The use case is creating embeddings for paragraphs from documents. Then, when the user issues a query, you create an embedding for the query (you can also do more complicated stuff), you find the most similar embeddings from the documents and you insert those as context into ChatGPT so that it can rephrase the documents to answer the users question.
This is fascinating, thanks for explaining this use case. It sounds like it's a fancy way to get a generic LLM to understand your ___domain by including the relevant context in a prompt.
What about specializing the LLM in the first place? Could you fine-tune the model by training it on those internal documents instead? Then you don't need to mess about with the prompt, right, since the LLM has "learned" the data?

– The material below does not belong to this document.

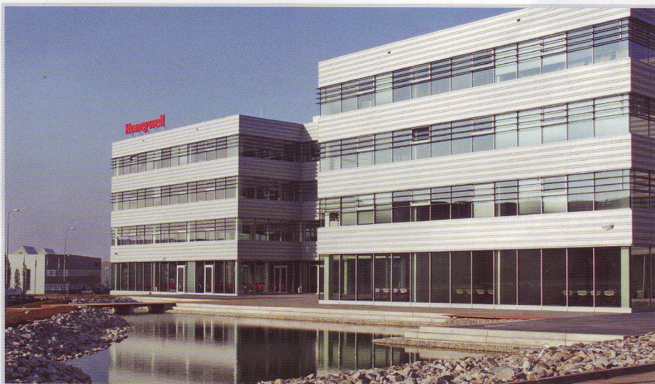
CTPark Brno (Černovická terasa) – administrativní budova Honeywell

Všechny orgány města – nynější i minulé – měly na zřeteli především zájem města a jeho občanů, když zvažovaly všechno pro a proti: buď volnou krajinu s velkovýrobním zemědělským hospodařením, nebo návrh na urbanizované, zastavěné území s různě velkými halovými objekty jednoduchého, ale účelného designu, s promyšlenou vnitro-areálovou vzrostlou i nízkou zelení (na obdobné zóny se můžete kdykoliv podívat např. v sousední Slatině nebo v Modřicích. Mnozí tam možná i pracujete). Realizace průmyslové zóny jako celku byla od počátku myšlena jako postupná. Nyní, v důsledku ekonomické krize, bude dlouhodobá (rozložená do mnoha let) a přinese pracovní místa, která budou zcela jistě využívána také našimi občany.

With fine-tuning you are training on a couple hundred thousand tokens, compared to the billions of tokens the original dataset the LLM was trained on. It won't have as much of an effect. Maybe the original dataset includes a company policy from 5 years ago and now you fine-tune on the new policy. It's hard to guarantee what the model will spit out.
By giving the in-context prompt, it's more likely the model will choose the information you just gave it.
Of course, there are use cases where fine-tuning is worth it. For example, someone recently finetuned a model on their Messenger group chat that was going on for years, about 500k messages, and now they have a model that can imitate all the members of the chat.
In context learning (i.e., tuning the LLM by adding all relevant info to prompts) seems to be preferred over fine-tuning. I'm not sure what exactly the reason is, perhaps because fine-tuning often doesn't make sense in a dynamic setting since it's fairly expensive? On the other hand, the only reason the entire pipeline for vector DB exists is because context size is relatively limited.
I'd love to see a comparison between the two in terms of accuracy of the outputs and the degree of hallucinations.